And yet Jesus was remarkably iconoclastic for His time in certain areas. I will use the analogy of the wine and the wineskin which Jesus Himself used, slightly modified: the wine being the truth God intended to communicate, and the wineskin being the cultural adaptation and paradigms God used to communicate that truth.

Jesus displayed a variety of attitudes towards wineskins. Some wineskins He simply did away with. For example, He broke loose of the Pharisees' restrictive interpretations of the Sabbath with powerfully controversial miracles: is it wrong to heal on a day of rest? He alo broke apart their idea of sin and consequences in His healing of the blind man.

There were some wineskins He didn't have much problem with. For example, He denounced adultery and murder like any other moral teacher - He even went further in His authority and extended adultery to include lustful thoughts and extended murder to include hateful thoughts. He also often imbued His actions with prophetic nuances - healing the blind, for instance, a specifically Messianic miracle - to emphasize His point.

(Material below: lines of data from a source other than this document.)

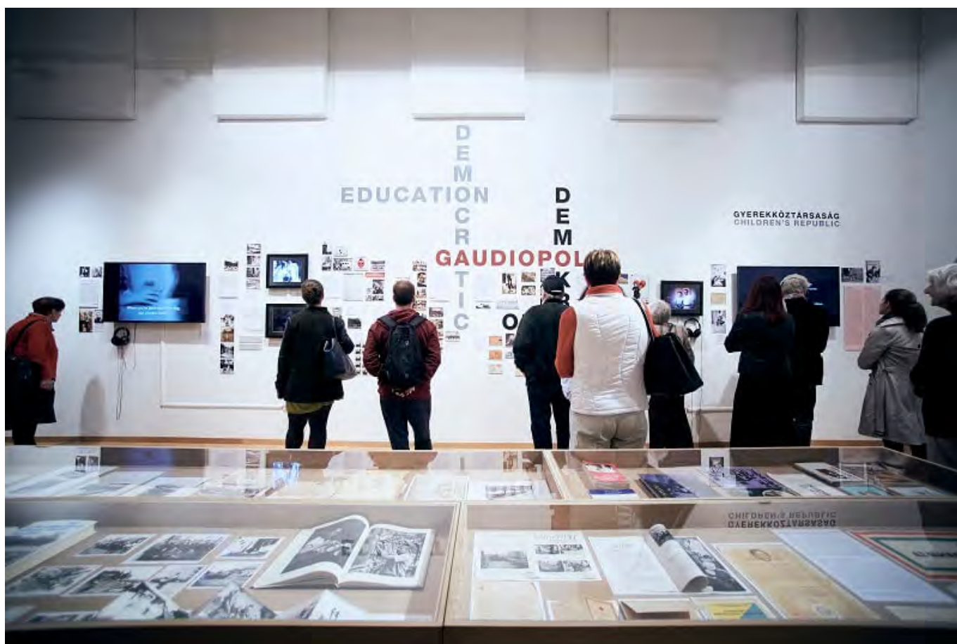
Valahol Európában (kiállítás).

budapesti városvezetésben változások kezdődtek, talán helyszín-ügyekben együtt tudunk működni egy-két önkormányzattal, ez is előrelépés. A bojkott sosem volt cél, hanem eszköz: arra, hogy megmutassuk, nem muszáj rossz kompromisszumokat elfogadni ahhoz, hogy magas színvonalú, nemzetközi léptékű és relevanciájú projektet hozzunk létre – még egy olyan kiszolgáltatott területen sem, mint a kortárs képzőművészet. A hazai civil társadalomban ezt sokan inspirálónak találják.
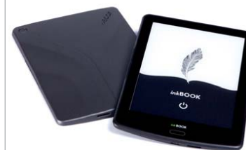
Czytnik ebooków „inkBOOK”, proj. Arta Tech, id group, prod. Arta Tech.
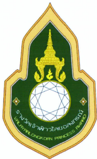
รูปเพชรตัดแบบมองจากด้านหลัง

การประกวดบุคคลต้นแบบ มหาวิทยาลัยราชภัฏวไลยอลงกรณ์ ในพระบรมราชูปถัมภ์ (รูปแบบที่ ก.3)
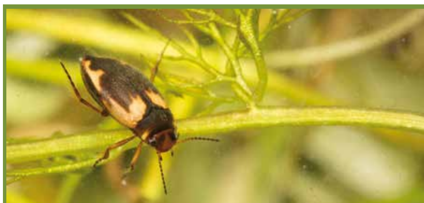
Hydroporus palustris
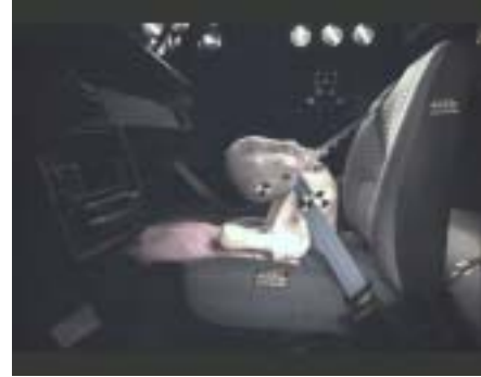
[07_ Seat Ibiza camera moved t = 80 ms]
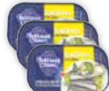
Sardinha Robinson Crusoe Diversas, 125g
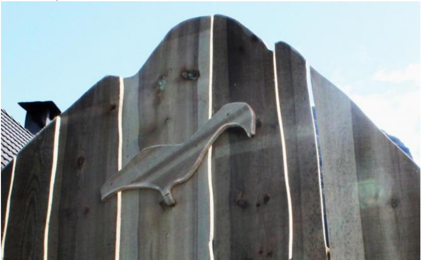
Gåso i Nåsø skal målast kvit

Her er impregnert furu frå Frøland Sag i Vats nytta til eit særst godt føremål og kunstnaren har gjort jobben på 60 timar. Han har levert kunstnarlege produkt til Uskedalen før, men aldri maken til dette.
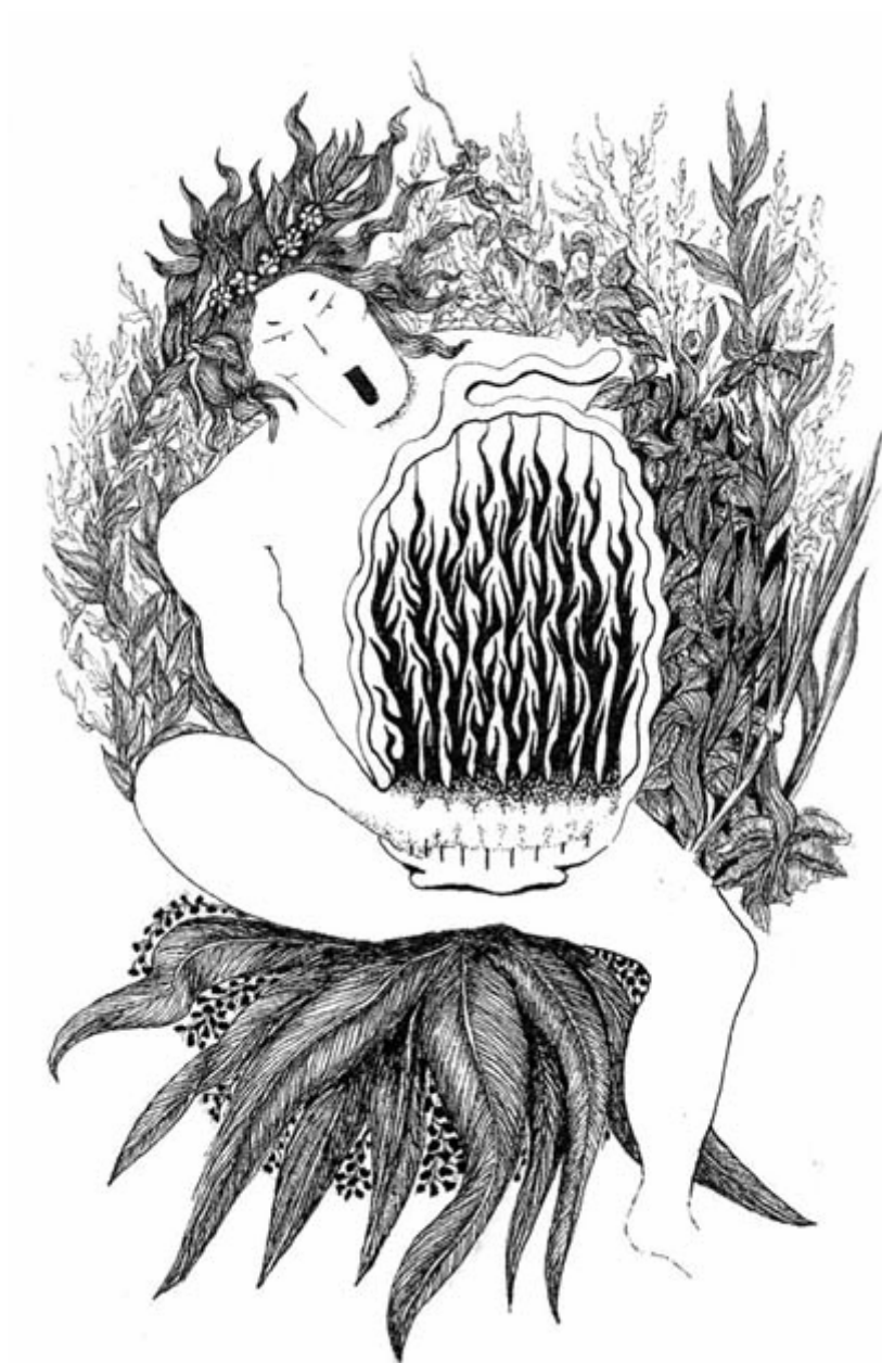
Orphée charme le végétal
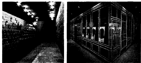
<그림 1> 판지를 이용한 공간

이를 통해 재료는 공간의 배경이 아니라 새로운 디자인적 요소로 부각됨으로 이미지를 창출해내는 도구로서의 역할을 하고 있다. 즉, 재료 자체가 차별적인 디자인을 만들어내는 중요한 요소라고 할 수 있다. 4)
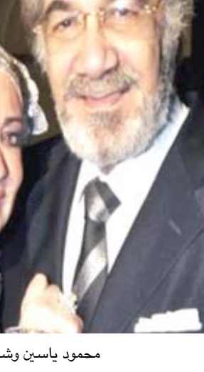
محمود ياسين وشهيرة

غيب الموت في الساعات الأولى من صباح امس الأربعاء الفنان المصري، محمود ياسين، بعد صراع طويل مع المرض عن عمر ناهز 79 عاماً. وأعلن ابنه الممثل الشاب عمرو وفاة والده عبر حسابه على (فيسبوك) قائلاً (توفي إلى رحمة الله تعالى والذي الفنان محمود ياسين إننا لله وإننا إليه راجعون أسألكم الدعاء) فيما عبرت الفنانة شهيرة عن حزنها الكبير لوداع زوجها النجم الراحل محمود ياسين، الذي رحل عن دنيانا اليوم بعد صراع مع المرض، ونشرت شهيرة صورة على (فيسبوك) لزوجها الراحل، معلقة عليها (رحل حبيب عمري خلاص). ولد محمود فؤاد محمود ياسين في مدينة بورسعيد عام 1941 وتعلق بالمسرح منذ أن كان في المرحلة الإعدادية من خلال
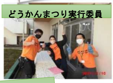
どうかんまつり実行委員
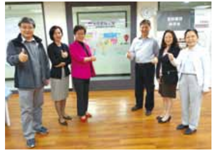
▲2021/3/10 國際讀經會台灣總會同工來訪—本會
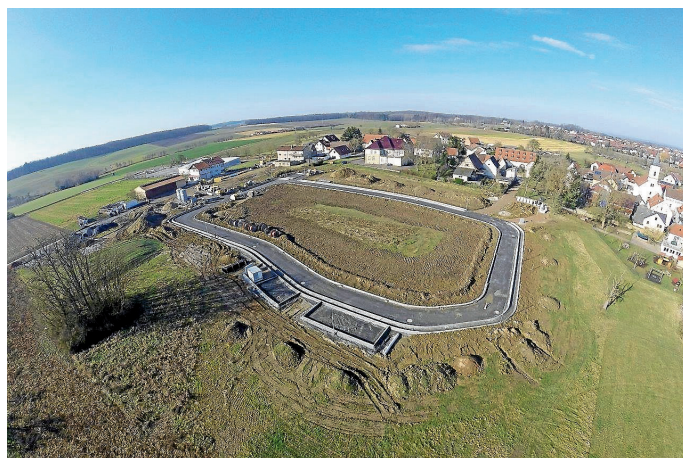
Baugebiet „Hinter der alten Schule“

Die Vergaberichtlinien und alle weiteren Informationen können auf der Homepage www.baupilot.com/siegelsbach abgerufen werden.
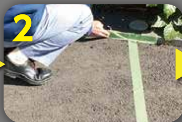
2 作業箇所以外を汚さない ように養生テープを貼ります
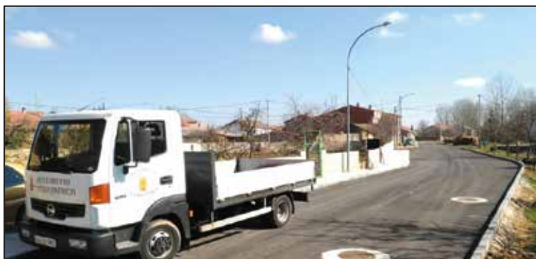
El vehículo municipal trabajando en las obras de asfaltado de las calles de Pinilla

El procedimiento de adjudicación ha sido mediante licitación pública con total transparencia. El importe invertido asciende a 15.900€.
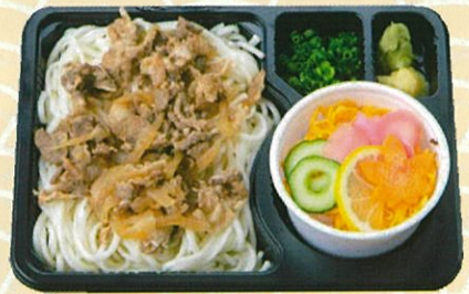
冷し生姜焼うどん 600円
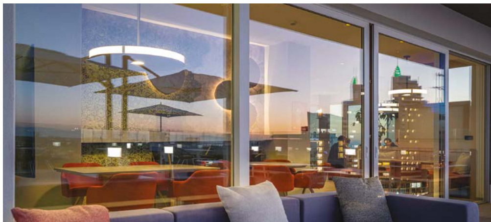
Serramenti e vetrate scorrevoli a taglio termico isolanti "Alza e Scorri" per hotel, residence e cottages Sliding windows thermal break insulated glass "Up and Scroll" for suite rooms, residence and resorts
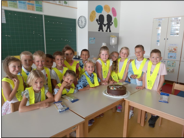
Prvošolčki z rumenimi ruticami

Jutranje varstvo je organizirano za učence 1. razreda na matični šoli, na podružnici Dolenja vas in na podružnici Sušje.
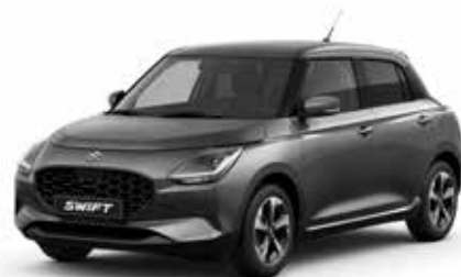
Mineral Gray Metallic
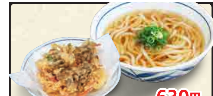
紅生姜と舞茸のかき揚げうどん 630円
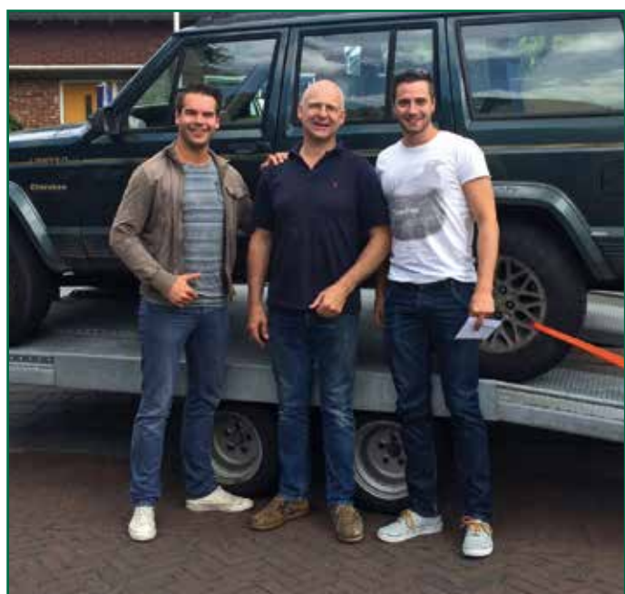
Team Tjerokie voor hun trouwe jeep die ze helemaal naar Dakar reed.
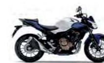
Pearl Metalloid White
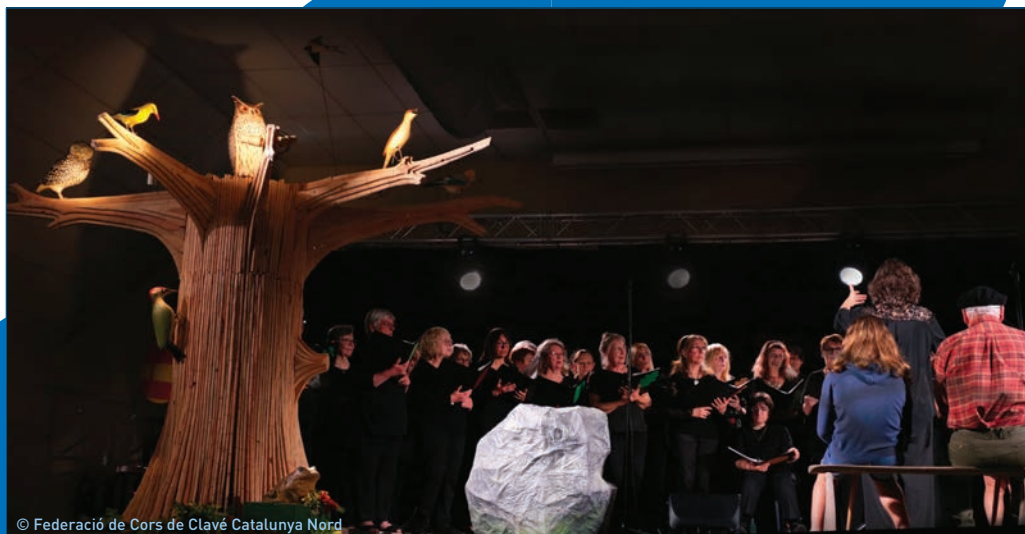
© Federació de Cors de Clavé Catalunya Nord

Théâtre municipal Jordi Pere Cerdà Spectacle tout public. Durée : 60 minutes. Entrée libre et gratuite dans la limite des places disponibles.
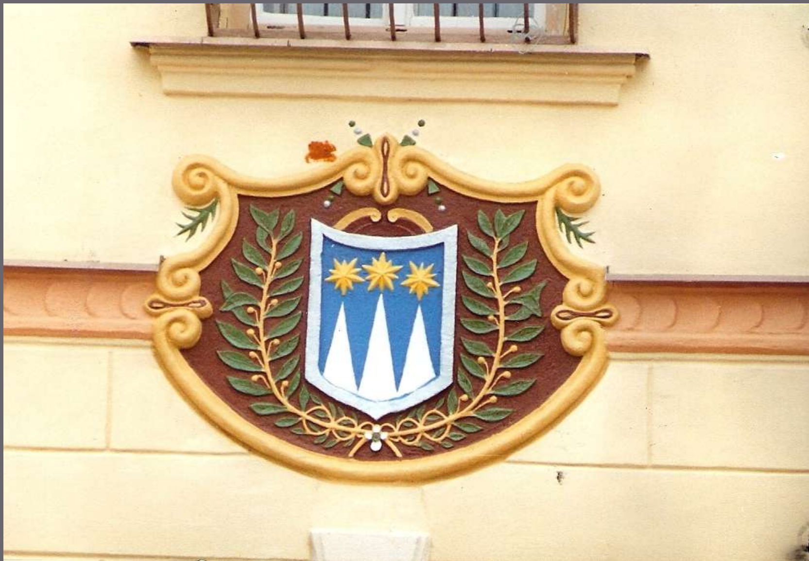
Znak Jíramova v průčelí radnice

But then, there are wineskins which He seems to have used without comment. He accommodated those without either commending or condemning them. For example, Jesus says nothing about whether or not slavery is ethical. In many of His sayings slavery is a part of the cultural framework, and the way servants were treated ("cut up and thrown into outer darkness"?) in His stories would seem unethically harsh on our ears. Clearly Jesus was not rejecting slavery, seeing how He wove it into His teachings; and yet it would be strange to say that Jesus condoned or supported slavery. The conclusion then is that Jesus merely accommodated slavery as a necessary part of the current worldview.

One easily sees why: slavery was the best possible option in the days when labor-saving technology was not readily available. The supports of society were not strong enough for a society without slavery. It isn't too much of a stretch to imagine that He attached the same kind of status to the wineskin of the creation story. To be sure, you yourself have pointed out that Jesus rarely comes out in open support of it. Granted, Jesus was never asked if it ought to be defended against being read as a myth, and so whatever we say must necessarily be a tad speculative and "reverently agnostic".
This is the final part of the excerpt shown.